## The problem
Retype the line in which "Слайд 4Чтобы узнать, на" appears, then every line after it until the records end. Leave out the pictures.

***** Records for this task *****

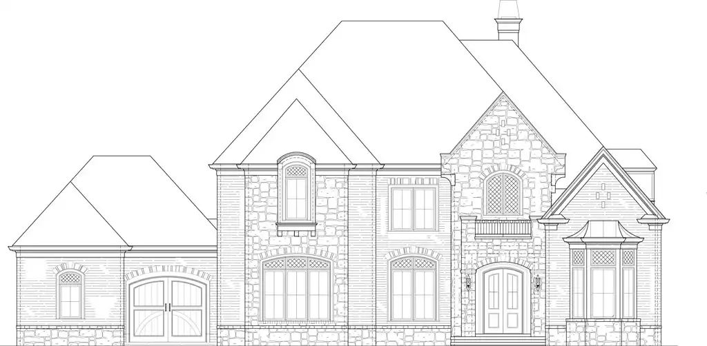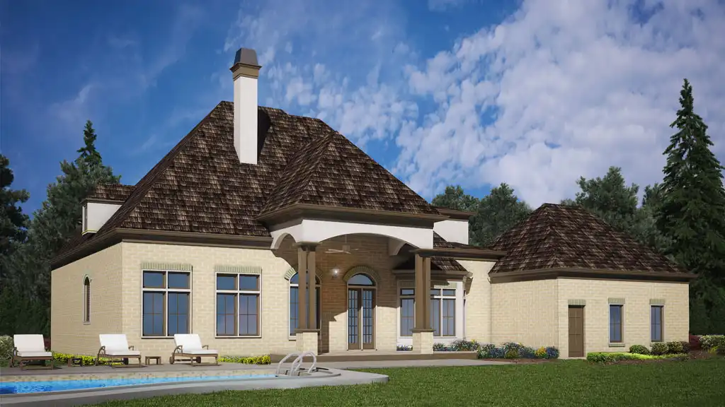 Arches, stone and brick combine to give the charm of the Old World to this four-bedroom design. Imagine welcoming guests in the foyer, and showing them to the dining room for a special feast and good conversation. The open kitchen boasts nearly everything on your checklist. The sizable great room flows to inviting porch areas for grilling or stargazing. After a busy day, soak your cares away in the master suite's garden tub. Three more bedrooms make this home fantastic for growing families.
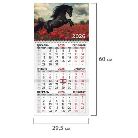 Офисный календарь на 2026 год на гребне. Состоит из 1 блока с календарными сетками на три месяца – предыдущий, текущий и последующий. Блок календаря напечатан на офсетной бумаге плотностью 65 г/м2. Подложка изготовлена из мелованного картона плотностью 280 г/м2. Курсор-бегунок выделяет текущую дату. Вертикальный формат. Размер - 29,5х60 см.
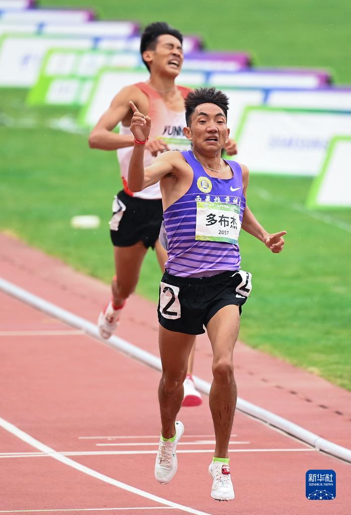 在第十四屆全運會(hui) 田徑項目男子5000米決(jue) 賽中,西藏隊選手多布傑(前)以13分49秒16的成績奪冠(2021年9月23日攝)。新華社記者 宋彥樺 攝
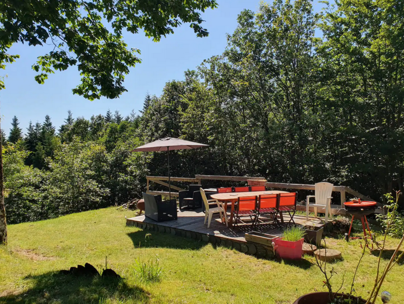 Réveillez-vous en compagnie des biches, martres, écureuils, avec le seul bruit du chant des oiseaux ou du son lointain des cloches des vaches salers. Le logement est situé en lisière de forêt, à 15 minutes de tous commerces. L'extérieur est très paisible avec coin repas et détente, braséro, jeux de société et de plein air. 3 chambres dont 1 avec salle d'eau, une cuisine équipée, une salle de bain, un salon 2 canapés avec vue dans la forêt à 180°, 1 véranda avec table à manger, sensation d'être dehors, même en hiver mais au chaud ! 2 terrasses, parking privé. Pas de vis à vis.
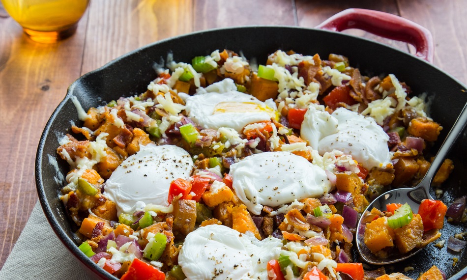 Shift the mixture in the pan to evenly distribute it in a layer across the surface, then make a small well in each quarter section. Break one egg into each well. Continue cooking until the eggs are almost done. If you don’t mind cooked yolks, just put a lid over the skillet and let the eggs steam until cooked through. (I like my yolks runny, so I let the whites cook enough until I can turn the eggs over and quickly finish the whites, leaving the yolk still liquidy.)
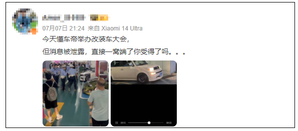 7月7日,有网友称,知名汽车资讯平台“懂车帝”在北京举办了一场改装车大会,遭遇执法部门查处被“一锅端”。
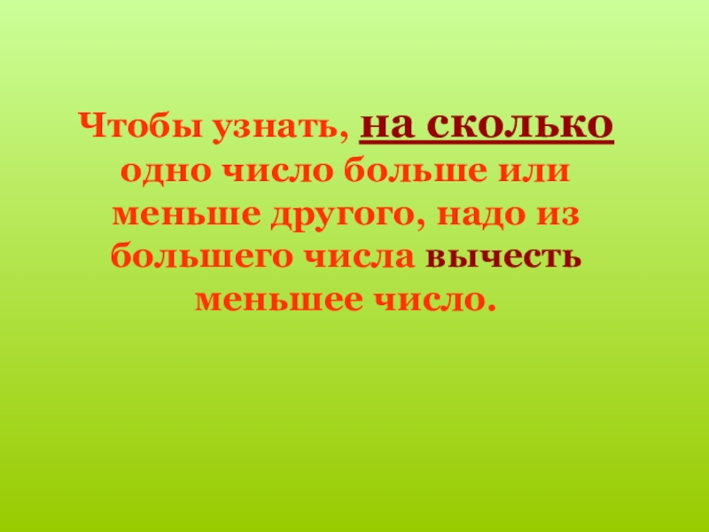 Слайд 4Чтобы узнать, на сколько одно число больше или меньше другого, надо
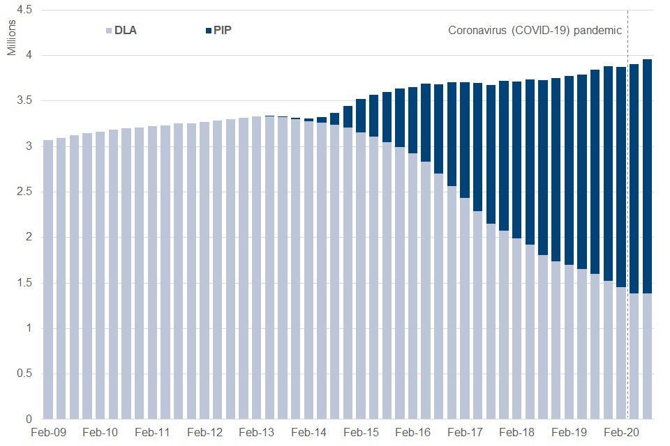 At August 2020, there were 2.6 million people claiming PIP, and 1.4 million people claiming DLA. The number of people claiming PIP rose by 330,000 while DLA claims fell by 210,000 in the year to August 2020. Transfers from DLA to PIP were affected by the coronavirus (COVID-19) pandemic – see the background note for more details.

*****

## Final answer
 Слайд 4Чтобы узнать, на сколько одно число больше или меньше другого, надо
 At August 2020, there were 2.6 million people claiming PIP, and 1.4 million people claiming DLA. The number of people claiming PIP rose by 330,000 while DLA claims fell by 210,000 in the year to August 2020. Transfers from DLA to PIP were affected by the coronavirus (COVID-19) pandemic – see the background note for more details.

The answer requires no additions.